The Burbank, Calif., entertainment giant and the Shanghai government announced that they have central government approval to build mainland China's first Disney theme park and resort, which means contracts to build can now be hashed out.
It's a long-awaited, multibillion-dollar project that could mean tens of thousands jobs for the east coast city plus a big footprint for Mickey Mouse and crew in the world's most populous nation. Shanghai Securities Co. estimates a theme park would offer a boost to the local services sector in the form of up to 12 million visitors each year.
But not everyone is welcoming the jamboree.
On the Chinese-language blogs Shanghai residents worry about their taxes in the country's most expensive city, throngs of visitors on top of the 20 million residents, and cultural invasion just when China is standing up.
One author on the Web even sees an attempt by the U.S. to shift to the financial crisis to China.
"As a Shanghai native I firmly oppose the building of the Disney park in my hometown," says one post on eastday.com, a news portal run by the Shanghai government. "Billions of yuan 'for a 'happy land,' which is completely useless to the national economy and people's livelihood. It's doomed to be a loss-making deal." The post adds foreigners are too broke to visit and Chinese won't afford it.
In response to the question 'What do you think a Disney theme park would bring to Shanghai?', about 40% said more weekend fun, 30% said they would go if it weren't too expensive and almost 20% said they wouldn't attend because there are too many things to do already in Shanghai.

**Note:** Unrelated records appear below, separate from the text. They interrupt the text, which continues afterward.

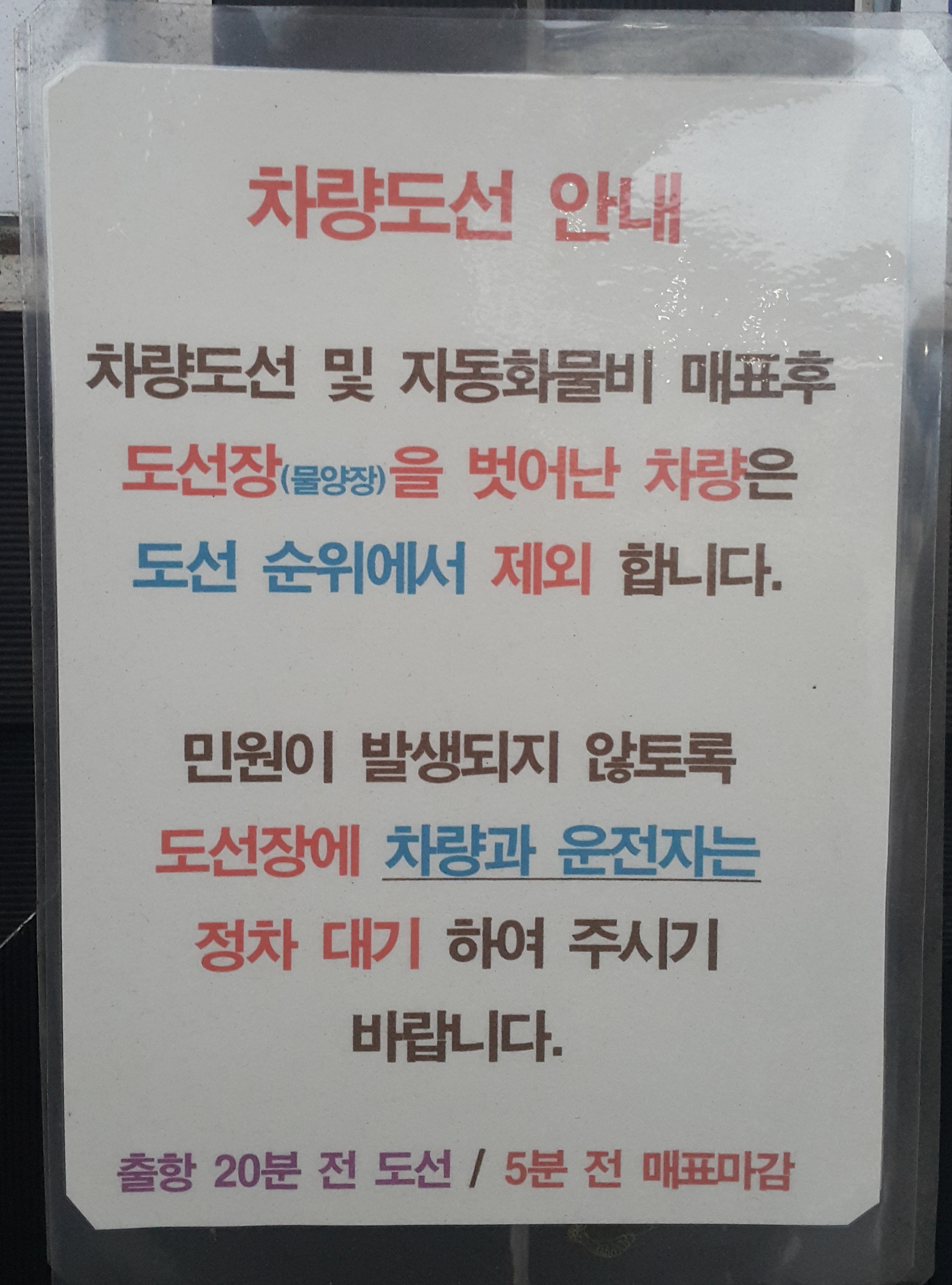 차량도선 및 자동화몰비 매표 후 도선장(물양장)을 벗어난 차량은 도선 순위에서 제외합니다.
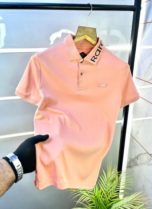 Hugo Bos s Beige Premium Imported 240 GSM Interlock Lycra Fabric Polo Tshirt with Collar Design and Emboss Logo 3605
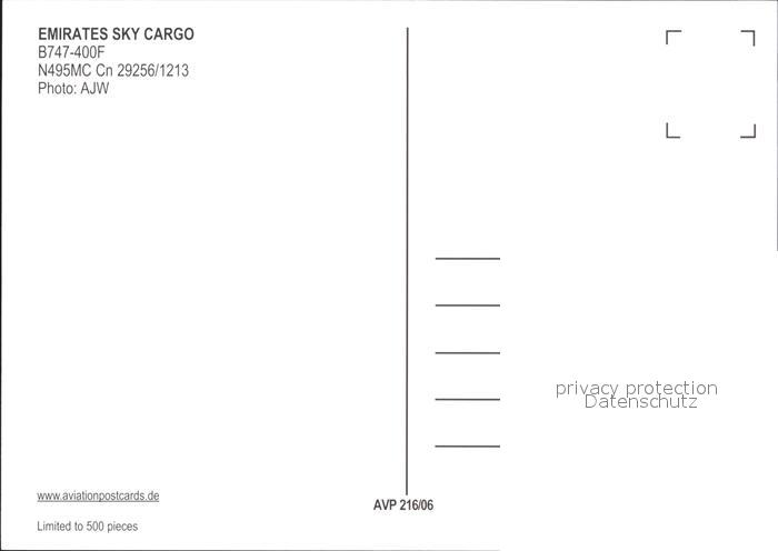 Flugzeuge Zivil Emirates Sky Cargo B747-400F N495MC Cn 29256/1213 postalisch nicht gelaufen Erhaltung siehe scans
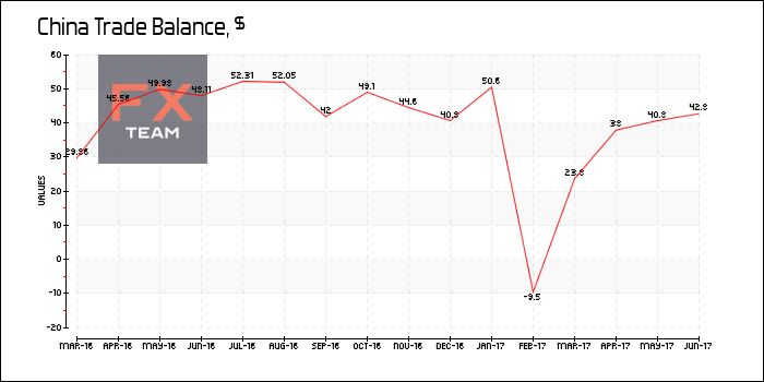 По данным Национального управления статистики Китая, профицит баланса внешней торговли составил 42,8 млрд. долларов в июне по сравнению с 40,8 млрд. долларов в мае. Показатель оказался немного ниже прогнозируемого уровня 42,9 млрд. долларов.

Still, about 11% said Disneyland will fulfill a childhood dream.
"There are so many places that need money in Shanghai," screams another. "Is the Disney park really necessary?" adds the poster.
A writer calling himself EPO67 on tianya.cn draws attention to Shanghai's race track. "We built a Formula One track. What benefits have we got? It just received money from Chinese to let some foreign cars race. It's a huge waste of land resources as well," says EPO67 in the post.

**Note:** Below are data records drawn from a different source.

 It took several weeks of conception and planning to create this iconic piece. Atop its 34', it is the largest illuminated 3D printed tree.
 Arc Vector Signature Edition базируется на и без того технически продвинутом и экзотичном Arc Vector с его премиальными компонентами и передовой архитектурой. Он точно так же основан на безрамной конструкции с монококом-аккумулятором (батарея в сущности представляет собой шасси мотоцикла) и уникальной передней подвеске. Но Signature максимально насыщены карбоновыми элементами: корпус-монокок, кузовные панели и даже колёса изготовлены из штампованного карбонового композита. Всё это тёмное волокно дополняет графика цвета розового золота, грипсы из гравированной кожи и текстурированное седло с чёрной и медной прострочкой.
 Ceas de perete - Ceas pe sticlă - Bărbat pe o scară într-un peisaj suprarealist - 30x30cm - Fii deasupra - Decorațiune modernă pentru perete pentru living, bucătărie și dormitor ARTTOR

As rumors swirled this week about the Disney Shanghai deal, some of the criticism had made it into mainstream media "A lot of netizens think that time is ripe for China to build its own cultural aircraft carrier rather than spend a huge amount of money to bring an American Mickey Mouse version to China," said Economic Information Daily, a newspaper published by the Xinhua News Agency.

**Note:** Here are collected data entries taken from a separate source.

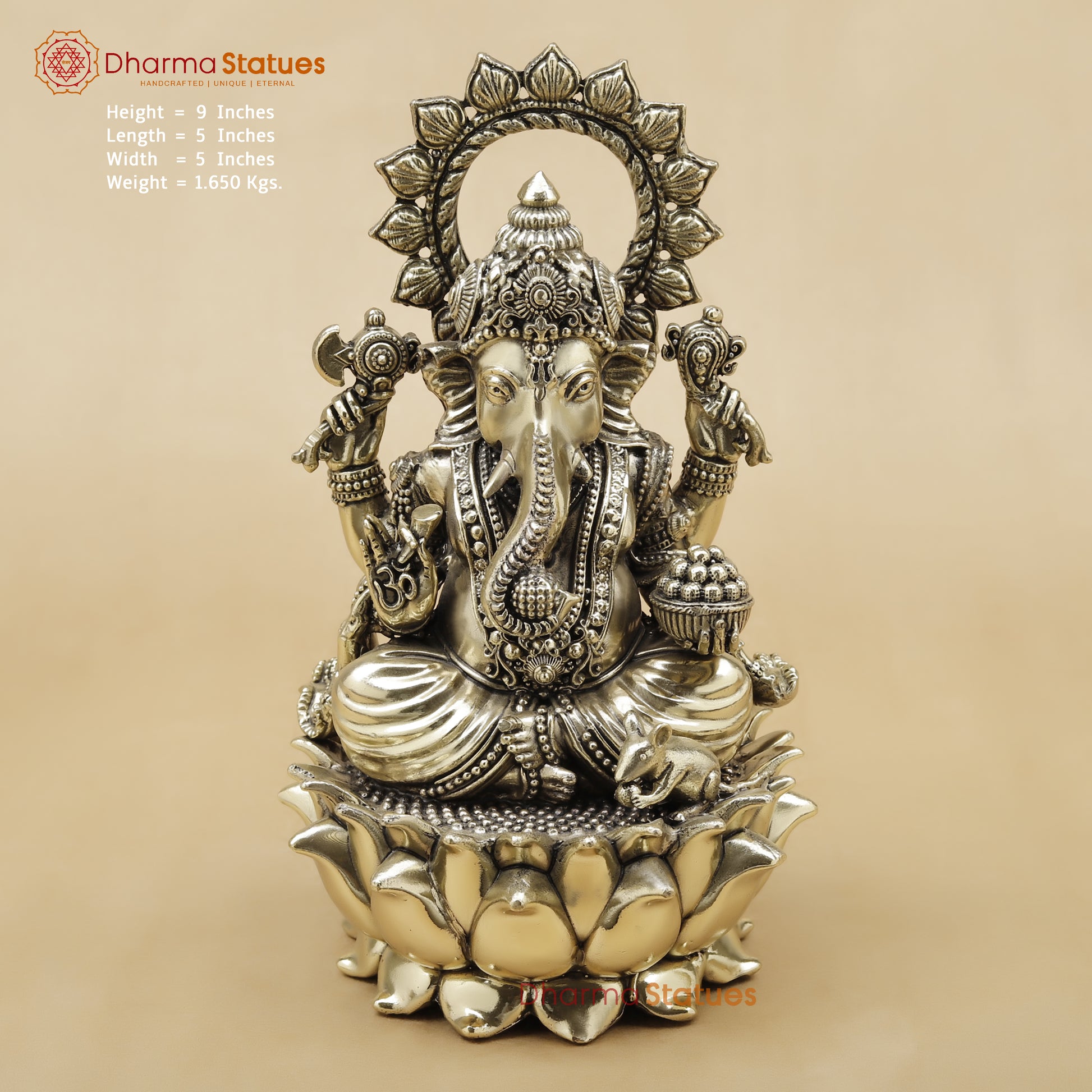 Invite prosperity, wisdom, and divine blessings into your home with this exquisitely crafted Brass Lord Ganesha Statue. Seated beautifully on an ornate lotus pedestal, Ganesha is depicted with intricate fine-casted detailing, holding symbolic items that represent protection, success, and abundance. The antique brass finish adds a regal charm, making it a perfect centerpiece for your home temple or living space.
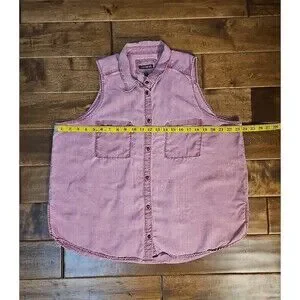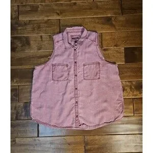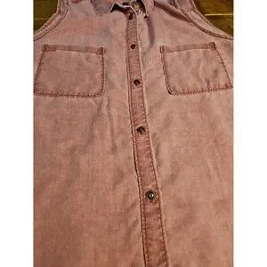 Express EUC women's size XL light red/dark pink collared button up tank top with 2 front pockets
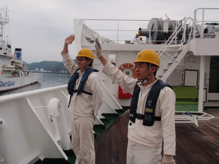 高知港の見送りの方に手を振る学生

Another predicted, "Shanghai Disneyland is likely to become a 'chicken rib' [an expression for something insignificant]. The heyday of American culture is over. There is not much the 80-year-old Mickey Mouse could do now," said the story, quoting Internet posts.
Of course, not everyone is negative. Tianya quoted one person saying, "Is there anything wrong with the Disney Park resolving the employment problem for thousands of people in Shanghai?"